Carmen Argote is one of the emerging artists featured in “Home—So Different, So Appealing,” at the Los Angeles Contemporary Art Museum (LACMA). The exhibit showcases U.S. Latino and Latin American artists from the late 1950s who use the concept of "home" to look at at socioeconomic and political issues.

“It isn’t so much a dichotomy, but you see the way things layer on top of each other, with the histories of Latin America and the U.S. and how those two things are always conversing,” Argote said.

"Murales Rebeldes!: LA Chicana/o Murals Under Seige,” focuses on murals created by Chicana/o artists in L.A. that have been contested or threatened, such as the groundbreaking mural created by Chicana muralist Barbara Carrasco that was originally censored.

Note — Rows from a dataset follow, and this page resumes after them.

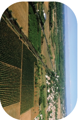
Les abords de Valerques
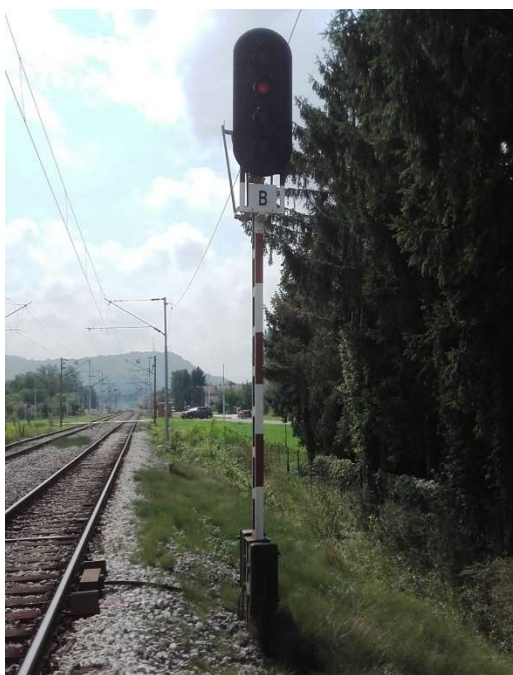
Slika 3. Ulazni signal „B“ u kolodvoru Zaprešić

Od strane Podsused Tvornica ulazni signal „A“ nalazi se u km 438+538, udaljen je od krajnje skretnice br. 7 za 449 m. Predsignal ulaznog signala „A“ nalazi se u km 437+514, udaljen od ulaznog signala „A“ 1024 m. Predsignal ujedno vrši funkciju prostornog signala 042. Između predsignala i ulaznog signala „A“ u km 438+186 ugrađen je ponavljač predsignaliziranja zbog smanjene vidljivosti ulaznog signala.
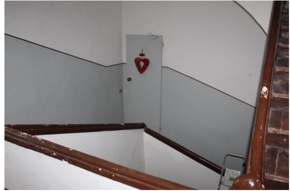
VISTA DELL'ACCESSO AL PRIMO AMMEZZATO
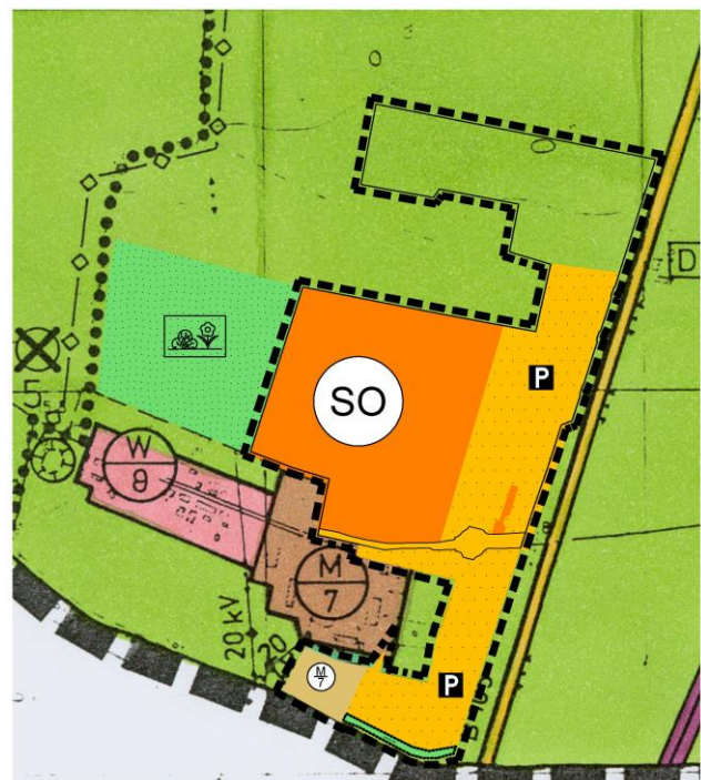
7. Änderung des Flächennutzungsplanes
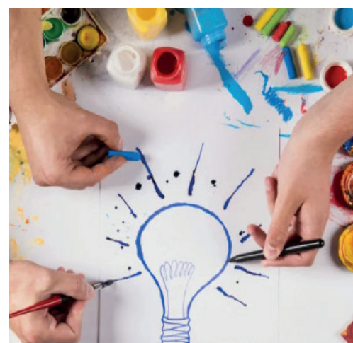
ТВОРЧЕСКИЕ КОНКУРСЫ СТР. 6
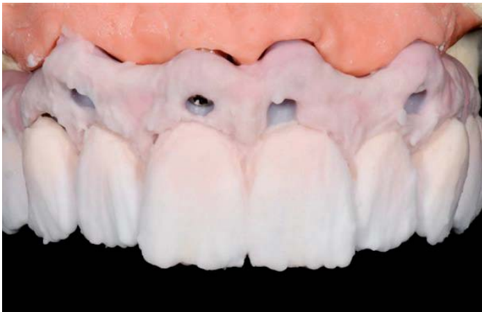
Abb. 14.: Vor dem 1. Brand

Approximale Leisten mit T3 (weißliche Schneidemasse der ICE Keramik) und eine Wechselschichtung von verschiedenen Schneide- und Transpamassen aus dem reichhaltigen Sortiment ergänzen die Zahnform.
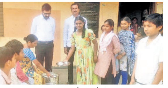
నర్సాపూర్ జిల్లా పరిషత్ పాఠశాలలో గతంలో ట్రైకి ఫ్యాన్స్ పెడుతున్న హెల్మర్

విన వేతనాలు పెండింగ్లో ఉన్నాయి. 5 నెలల నుంచి మధ్యాహ్న భోజన కార్యకర్తలకు హామీ ప్రకారం ప్రభుత్వం మధ్యాహ్న భోజన కార్యకర్తలకు నెలకు రూ.10వేల వేతనం అమ్మాయిల ద్వారా అప్పులు చేసి భోజనం పండిపెడుతున్నామని ఆవేదన వ్యక్తం చేశారు. తెచ్చిన అప్పులకు వడ్డీలు కట్టలేక ఆర్థికంగా ఇబ్బందులు ఎదుర్కొంటున్నట్లు తెలిపారు. ఇప్పటికే చెల్లించాల్సిన బిల్లులు సైతం పెండింగ్లో ఉన్నాయి. నెలకు తరబడి బిల్లులు రాకపోవడంతో అప్పులు చేసి భోజనం పండిపెడుతున్నామని ఆవేదన వ్యక్తం చేశారు. తెచ్చిన అప్పులకు వడ్డీలు కట్టలేక ఆర్థికంగా ఇబ్బందులు ఎదుర్కొంటున్నట్లు తెలిపారు. ఇప్పటికే చెల్లించాల్సిన బిల్లులు సైతం పెండింగ్లో ఉన్నాయి. నెలకు తరబడి బిల్లులు రాకపోవడంతో అప్పులు చేసి భోజనం పండిపెడుతున్నామని ఆవేదన వ్యక్తం చేశారు. తెచ్చిన అప్పులకు వడ్డీలు కట్టలేక ఆర్థికంగా ఇబ్బందులు ఎదుర్కొంటున్నట్లు తెలిపారు.
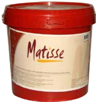
#0334 BRILLO ESPEJO PLATEADO

HAGA BRILLAR SUS CREACIONES COMO NUNCA ANTES CON EL NUEVO “GLASEADO ESPEJO RESPLANDOR. ESTE PRODUCTO INNOVADOR DA A SUS CREACIONES Y POSTRES DE CHOCOLATE UN PERFECTO BRILLO Y TERMINADO HACIENDO QUE SUS POSTRES VERDADERAMENTE BRILLEN.
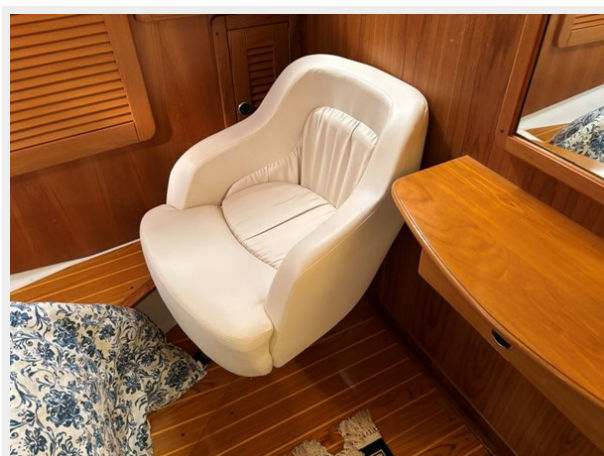
Aft Stateroom Dressing Table and Chair
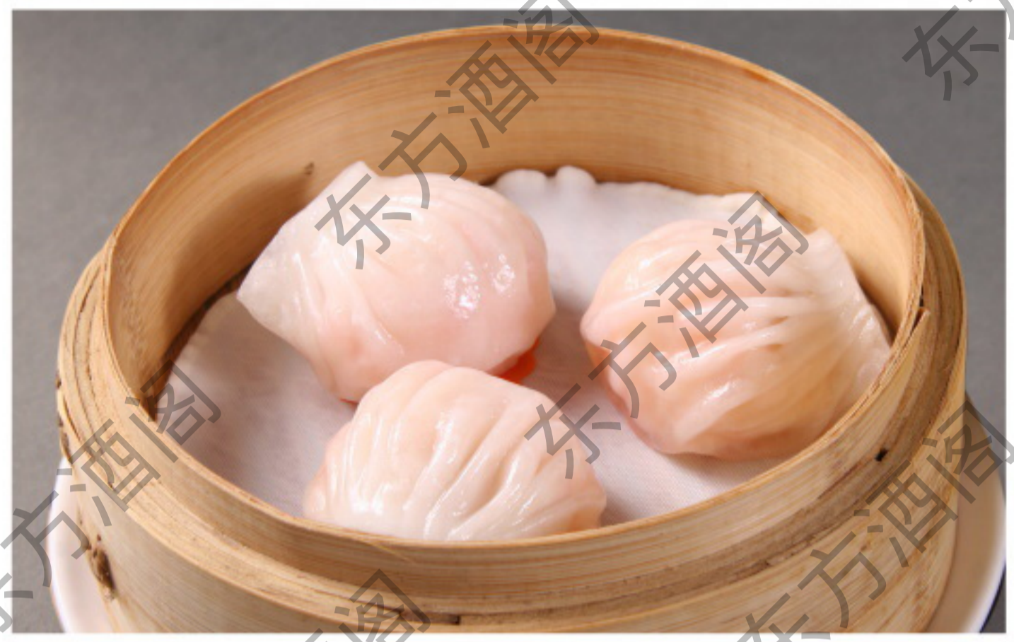
B119 水晶虾饺 Sheng Noodles с начинкой из креветок, приготовленных на пару Рубль 1880
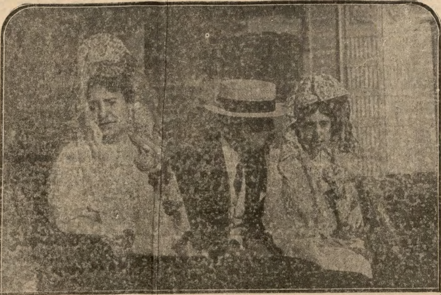
El señor Maestro Laborde y sus esposa y hermana política, momentos antes del atenta- do de que fueron víctimas
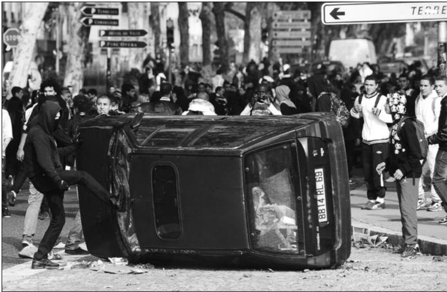
Lione vyksta studentų ir moksleivių demonstracija prieš pensijų pertvarką.
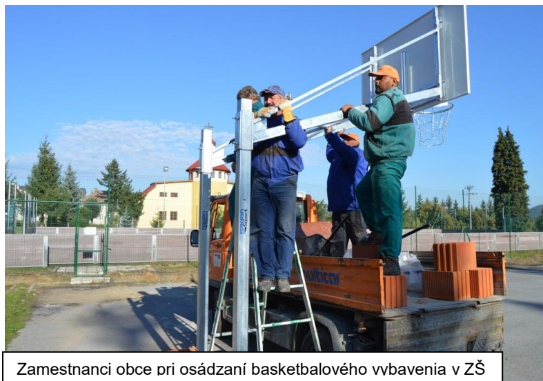
Zamestnanci obce pri osádzaní basketbalového vybavenia v ZŠ

Bola ukončená rekonštrukcia tribúny na futbalom ihrisku, na ktorej zamestnanci obce vymenili drevené lavice za plastové sedačky, ktoré obec zakúpila z futbalového štadióna Tatran Prešov, ktorý je rekonštruovaný. V obci sa začalo s výstavbou cyklochodníka, ktorý začína od chodníka pri št. ceste I/18 (Prešovská ul.) a končiť bude na Hamzovej ul. vedľa futbalového štadióna. Stavbu realizuje úspešný uchádzač z verejného obstarávania, a to spoločnosť STELL s.r.o. Vranov n/T. Na tento projekt poskytol dotáciu Úrad vlády Slovenskej republiky.
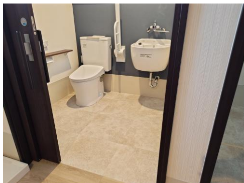
【バリアフリートイレ】
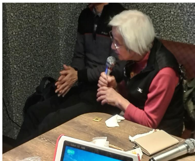
お歳召されても可愛い声で 坂さん(24期)
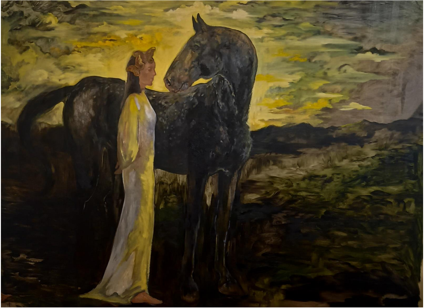
„U potrazi za srećom“ 2024.,188×228,ulje na platnu
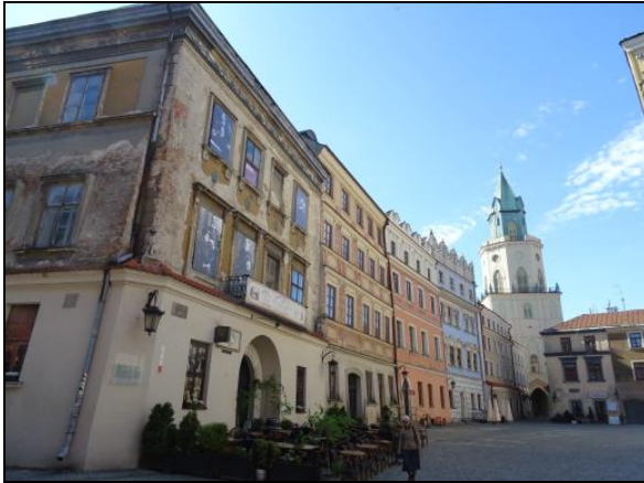
Fot. 1. Stare Miasto w Lublinie (Rynek). Photo 1. Old Town Market in Lublin.
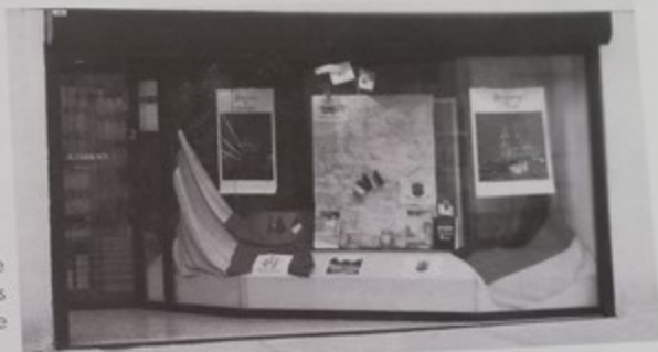
Dcoration d'une vitrine aux couleurs du jumelage
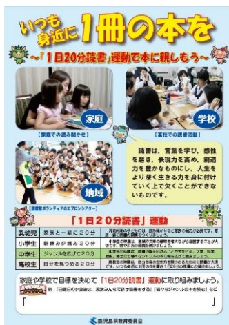
1日20分読書リーフレット
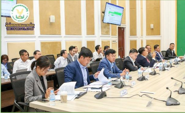
រូបភាព៖ កិច្ចប្រជុំក្រុមការងារអន្តរក្រសួង ដើម្បីពិនិត្យនិងពិភាក្សាលើសេចក្តីព្រាងអនុក្រឹត្យស្តីពីបែបបទសម្រាប់អនុវត្តចំពោះការអនុញ្ញាតឱ្យជនបរទេសមិនមែនអន្តោប្រវេសន៍ ចូល ចេញ និងស្នាក់នៅព្រះរាជាណាចក្រកម្ពុជា។ ទំព័រទី២
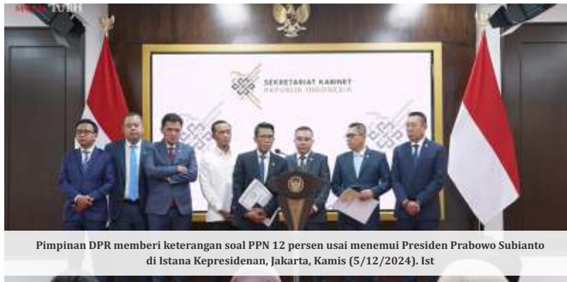
Pimpinan DPR memberi keterangan soal PPN 12 persen usai menemui Presiden Prabowo Subianto di Istana Kepresidenan, Jakarta, Kamis (5/12/2024). Ist

Selektif kepada beberapa komunitas baik itu barang dalam negeri maupun impor yang berkaitan dengan barang mewah. Sehingga pemerintah hanya memberikan beban itu kepada konsumen pembeli barang
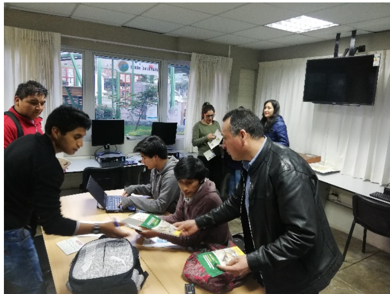
Distribución de material informativo a asistentes a la OIP
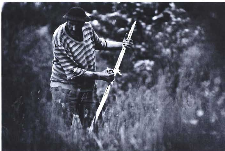
Jedno z cyklu zdjęć „...by sprostać unijnym wymogom... - koszenie trawy”. Fot. Marcin Pirga z Głownienki – I NAGRODA w konkursie fotograficznym „Człowiek i jego otoczenie” organizowanym przez GOK w Miejscu Piastowym
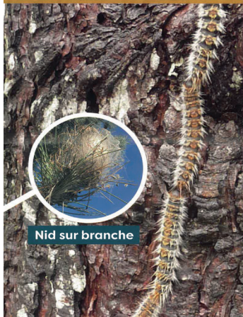
Nid sur branche

Processionnaire du chêne Entre mai et juillet
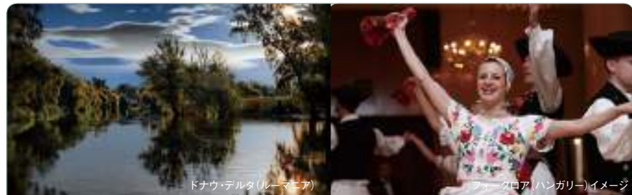
ドナウ・デルタ(ルーマニア)
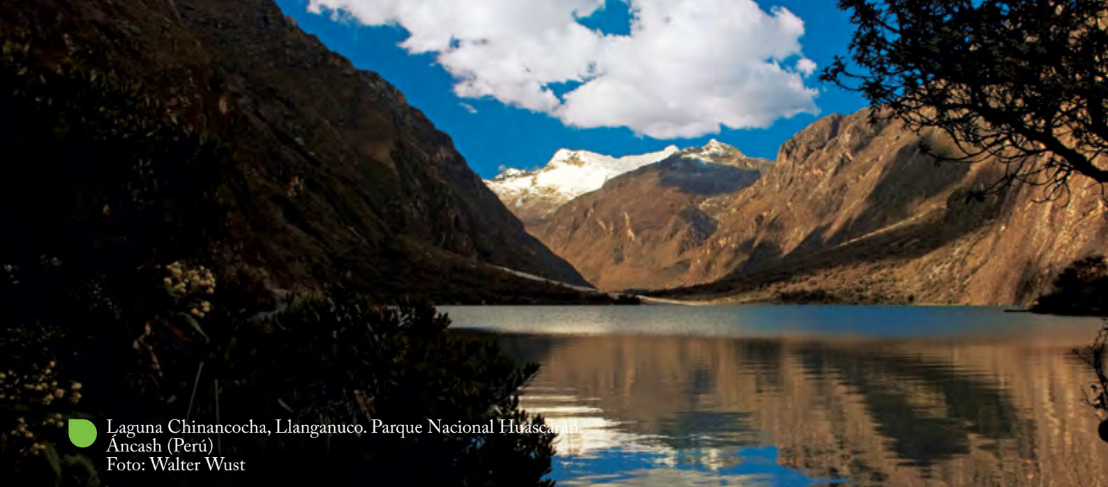
Laguna Chinancocha, Llanganuco. Parque Nacional Huáscarán. Áncash (Perú)

En este escenario, la labor de fiscalización que realizan las autoridades ambientales competentes —y que integran la Red— cobra vital importancia. Esto se debe a que una fiscalización permanente a las empresas o particulares que desarrollen actividades económicas, promueve, a su vez, un cabal cumplimiento de la normativa en materia ambiental y de las obligaciones ambientales a cargo de estos últimos.

Chicana artist Barbara Carrasco's landmark mural, “L.A. History: A Mexican Perspective”
Chicana artist Barbara Carrasco's landmark mural, “L.A. History: A Mexican Perspective” La Plaza de Cultura y Artes and the California Historical Society

"They [the murals] speak of inequalities faced by the Chicano community, and they tell stories that aren’t being told in institutional spaces. But speaking truth to power brings them under threat,” said Erin Curtis, senior curator of LA Plaza de Cultura y Artes. The show was done in conjunction with the California Historical Society, which through the Getty Foundation grants was able to also publish a book.

"We did a lot of original research for this project and a lot of that research gets carried forward in books. Even though we live in a digital world now, a book carries that info, those stories and that history forward and memorializes what took place,” said Jessica Hough, director of exhibitions for the California Historical Society.

If you can't make it to California, you may still be in luck to see some of these exhibits. More than a dozen PST exhibitions will travel across the U.S. and Latin America following their stints in California, including visits to Mexico City, New York, Lima, Puebla, Buenos Aires, Miami, Houston, Chicago and Phoenix.